The same flashing dark amber eyes and a lilting laugh had followed his dreams into puberty. He could never remember the actual contents of the dreams, just a strange sense of acceptance, rightness. The warmth of a hand in his. Confusion.
When he was fifteen, he had been home for the Christmas holiday when he experienced his single bout of nocturnal emission. Before he could strip the sheets from his bed and smuggle them down into the laundry, his brother caught on. He heard of nothing but 'Titania' from him for the rest of the holiday. Veiled threats that he should check under his bed, 'fearing Oberon's wrath.' Trying to look up the phenomena on his own, he learned a new word: succubus. As frustrating as his dream was, he couldn't envision the girl in it as a demon draining the life from him. Mycroft, however, was another matter.
A familiar face in the gathering crowd caught his attention, and Sherlock waved the man over. "What's going on, Wiggins?"
"Memorial for the fire victims. My wife lost her best friend in there." The smaller man's face tightened. "She got my Abigail out, but passed away over at Saint Bartholomew's this morning. Burned something horrible. Mercy, really."
Undoubtedly. Burns were some of the most painful wounds a body could endure. Survival, let alone anything resembling a normal life would have been impossible. "I read about it. How many died?"
"Fourteen, but another six haven't been found." Wiggins shook his head. "Hospital's still got four holding on, but not much hope for them."
"Why so many?" Industrial accidents seemed to be on the rise, but such a count in a factory staffed by mostly women was truly appalling. It was exactly the kind of thing his brother should be working to stop.
"Owner had the place locked up tight. Scared the girls were running off with his stupid blouses. One way in and out, and bars on the windows." Sotto voce, he added "Hope the bastard chokes to death on his dinner."
Sherlock couldn't help but agree with the sentiment. Abigail came over to take her husband's hand, and he was unsure what to say. "My sympathies," he ventured.
Abigail gave a ghost of a smile, nodded and bowed her head. Her eyes were hauntingly red and swollen. Sherlock hoped the trauma would not affect the child.
"Mr. Holmes, you know I don't like to pry, but you've got to take better care of yourself. You look like a skeleton in that suit." Wiggins was trying to lighten the mood and it looked like he was the target. "I know you; you get busy and forget to eat. Need to find you a wife like mine to take care of you."

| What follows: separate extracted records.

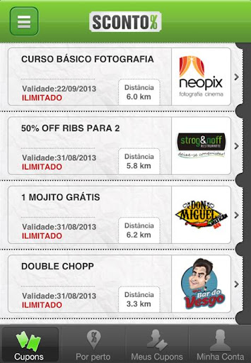 Nele você encontra cupons para bares, restaurantes, lojas e muito mais.
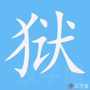 狱,金文=(犬,“吠”,狂叫)+(诉辩)+ (犬,“吠”,狂叫),造字本义:比喻原告与被告之间诉辩激烈。篆文承续金文字形。
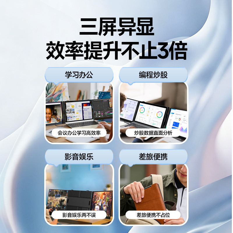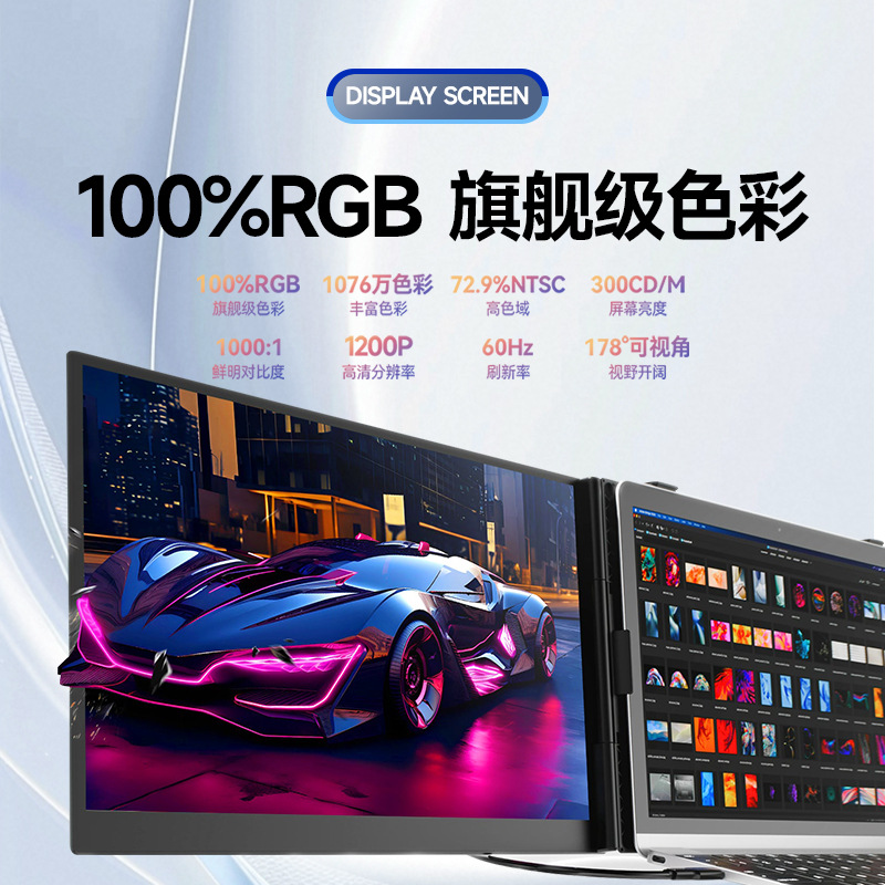 [工厂直销]14寸双屏一线连接笔记本扩展便携式显示器炒股办公娱乐
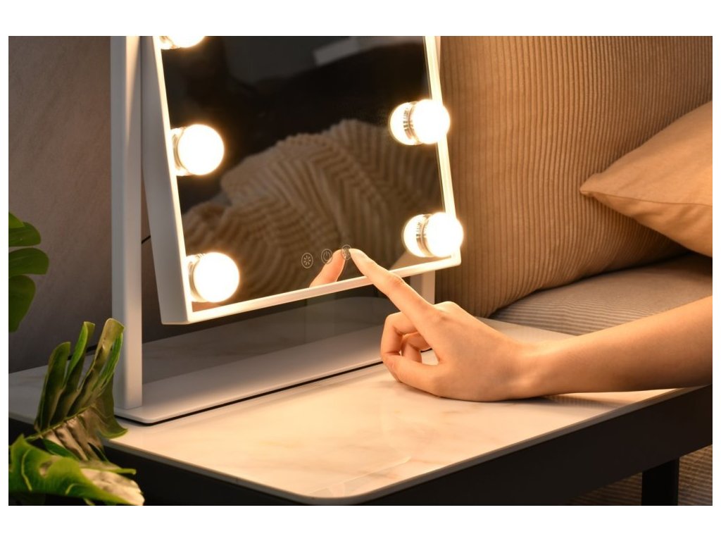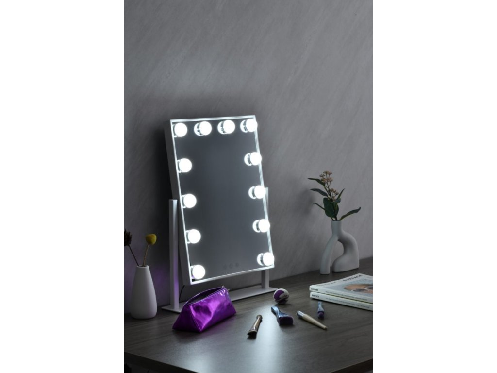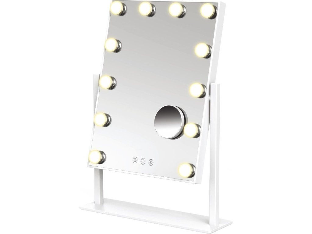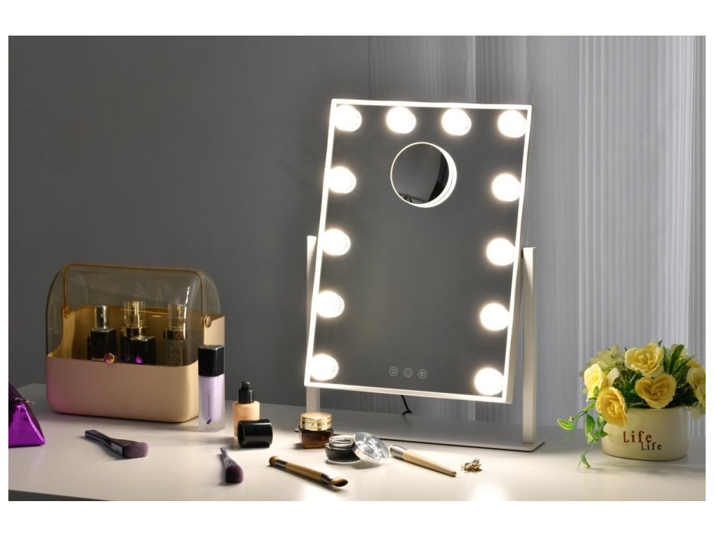 Velké, designové, kosmetické zrcadlo pro každodenní líčení je ideální dárek pro každou ženu. Disponuje 12 diodami s možností stmívání a volby tří různých odstínů bílé pro regulaci osvětlení podle potřeby. Snadné ovládání zajišťují dotyková tlačítka přímo na zrcadlové ploše. Přídavné 10× zvětšovací zrcátko s přísavkou umožňuje detailní práci na očních linkách, konturách rtů a dalších jemných detailech. Samozřejmostí je možnost nastavení libovolného náklonu zrcadla.
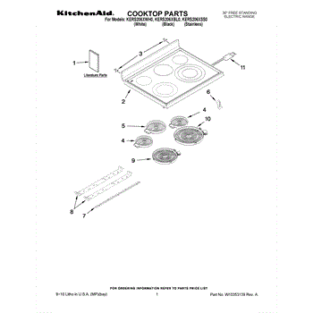 Parts for Kitchenaid KERS206XWH0: 01 - Cooktop Parts
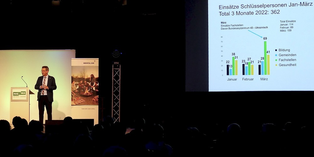 Sabina Saggioro gab als Geschäftsleiterin des veranstaltenden Vereins St.Galler Rheintal einen kurzen Rückblick über die Aktivitäten in den vergangenen drei Jahren. So auf die Aktion #srhintlstohtzäma. Bei der in einem Video die Rheintalerinnen und Rheintaler zeigten, dass sie auch während der Coronazeit in Verbindung bleiben. Dass wir im Rhintl die Nähe und die kurzen Wege in dieser Zeit kennen- und schätzen gelernt haben.
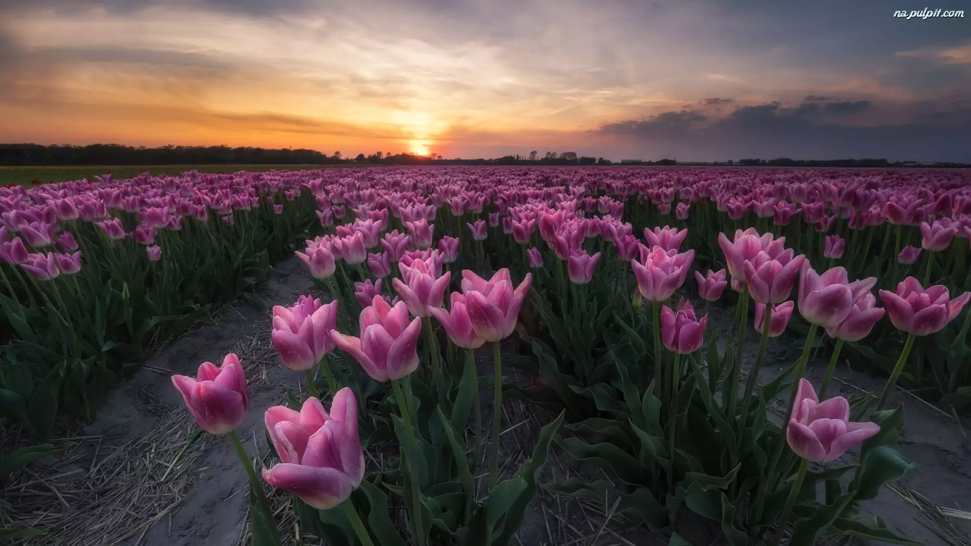 Pole różowych tulipanów w blasku zachodzącego
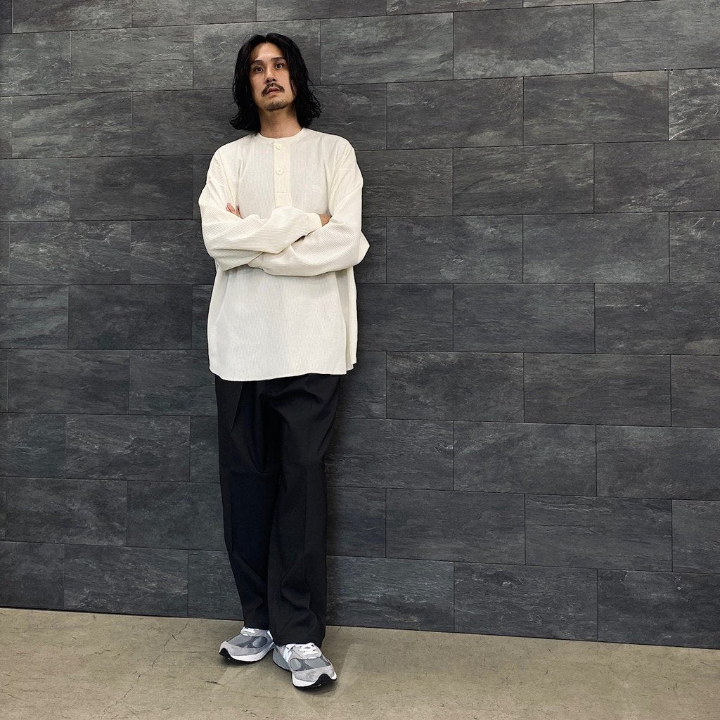 アメリカ軍の代表的な防寒インナー、ワッフル素材を使用したサーマルヘンリーネックロングスリーブTシャツです。
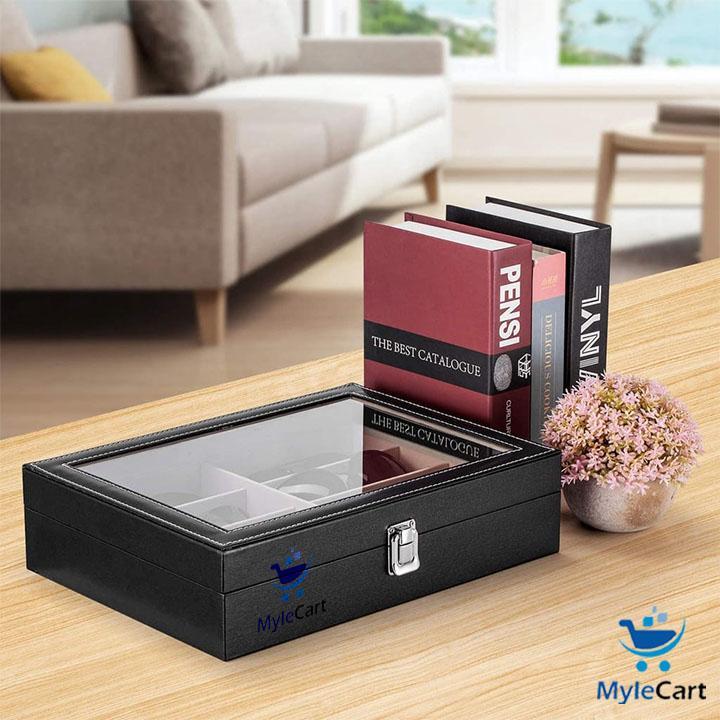 8 Grids sunglasses Box PU Leather sunglasses Case Holder Organizer Storage Box for sunglasses Display Best GiftColor: BlackType: Sunglasses BoxQuality: Faux LeatherWatches Option: 8 sunglass optionStyle: Fashion & Casual
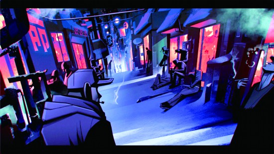 《冰》在動畫設計上運用了“三渲二”的手法,即使用三維軟件進行模型和場景的搭建,但最終卻渲染出二維動畫的效果。我們都知道,三維動畫最大的優勢就是對真實空間的模擬。這種模擬體現在三維軟件對真實世界透視準確的捕捉,以及在視覺表現層面對真實感的渲染。不過,三維動畫的“絕對逼真”已逐漸令觀眾和創作者產生了審美疲勞——二維動畫展示的逼真性雖然達不到100%準確,卻因其形式上強烈的手繪感而更加富有藝術表現力。在計算機圖形學專家針對“非真實感渲染”的研究取得較大進展之后,這一將渲染風格從“擬真”轉移到“風格化”的圖形學技術讓更多的三維動畫產生了頗具表現力的渲染風格?!吨┲雮b之平行宇宙》就是一個用“三渲二”方法渲染出風格化畫面的絕佳例子。在《冰》中,為了渲染出美式漫畫中粗黑邊線的視覺風格,設計師為角色創建了塊面分明的模型,并在模型的關鍵位置勾出模仿漫畫的黑線。同時,影片通過大量使用廣角鏡頭,造成了一種人物傾斜、透視不準確的錯覺。筆者猜測,這一錯覺的營造是為了令觀眾更加信服這是一部手繪動畫,因為手繪的呈現效果往往帶有一種不準確性。
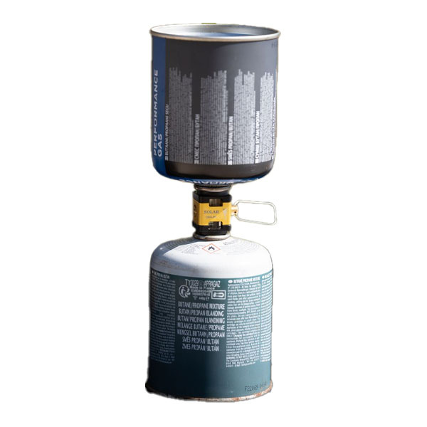 De Solar Gas Link Valve is een ventiel voor het efficiënt overzetten van isobutaanbrandstof tussen gasblikjes. Het ventiel is vervaardigd uit aluminium en uitgevoerd met messing fittingen en een transparant kijkvenster voor controle van het overdrachtsproces.
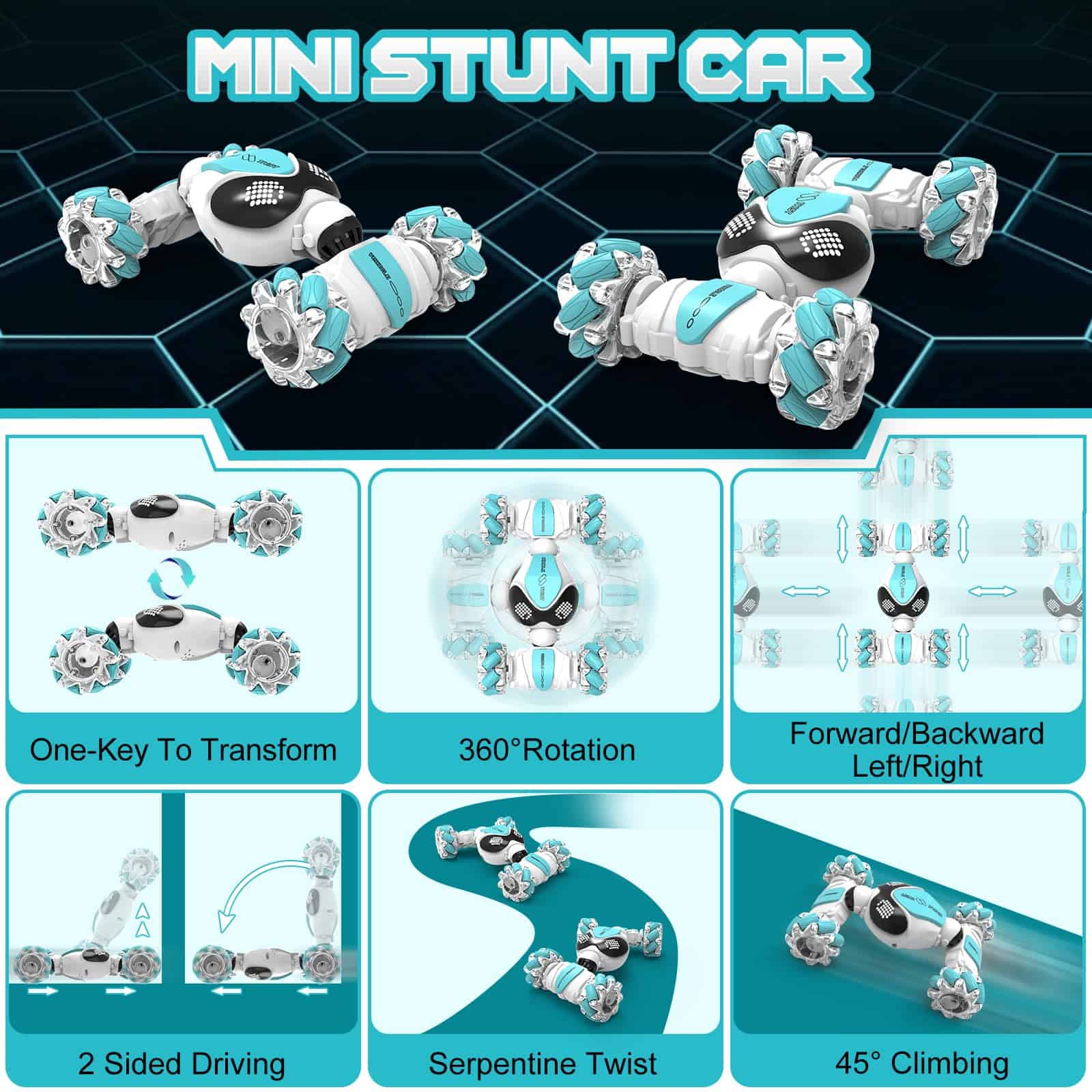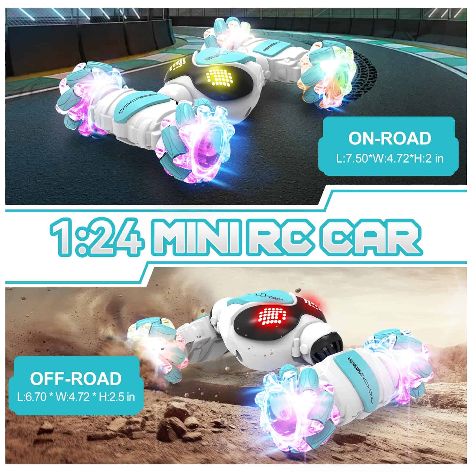 1. ¡Nueva Experiencia de Coches de Acrobacias! El mini coche de acrobacias ATHLERIA se centra en mejorar la suavidad y comodidad de la operación, con nuevas reformas realizadas en el motor de potencia del coche y en el control remoto. Con un coche de acrobacias miniatura a escala 1:24, puedes experimentar la operación más suave. Luces intermitentes y equipado con 2 lentes reemplazables, añadiendo más diversión a la transformación del coche.
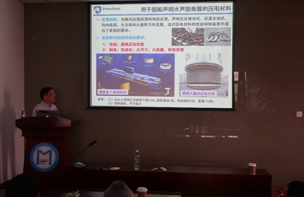 本次报告中,严永科教授详细介绍了压电织构陶瓷的制备方法及应用领域。织构陶瓷的超高机电耦合系数、超高压电电压常数、高能量密度、高功率密度、以及多层低温共烧异型结构等特点将极大程度上促进下一代压电器件性能的提升。严永科博士长期工作在科研工作第一线,因此,报告内容详实丰富,富有启发性。报告之后,严永科教授就织构压电陶瓷制备等问题和与会师生进行了深入的交流与讨论。
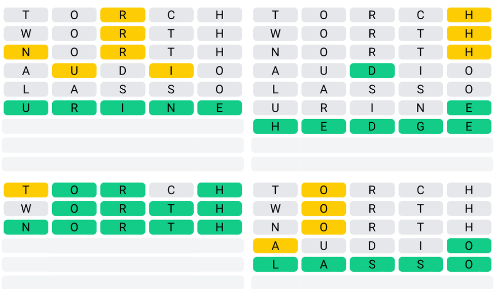 You have nine chances to guess all four words. Each attempt populates all four grids.

"I haven't found a woman mad enough to tolerate me." Sherlock tried to use an appropriate smile. "I'm sure I would tax your dear Abigail quite beyond her limits."
The girl blushed and Wiggins seemed delighted. "Well, find a lodger or something, man! World is far too cold to face alone!" As they walked away, Sherlock was sure Wiggins thought his next comment was unheard. "Bloody toff needs a wet nurse!"
He smiled at the sheer cheek of it. Still, a lodger was an interesting thought. No space in Montague Street, but when his lease came due, perhaps relocating would be in order.
Dr. Dunkirk's disloyal bookkeeper emerged from the bakery and Sherlock followed him without a sound.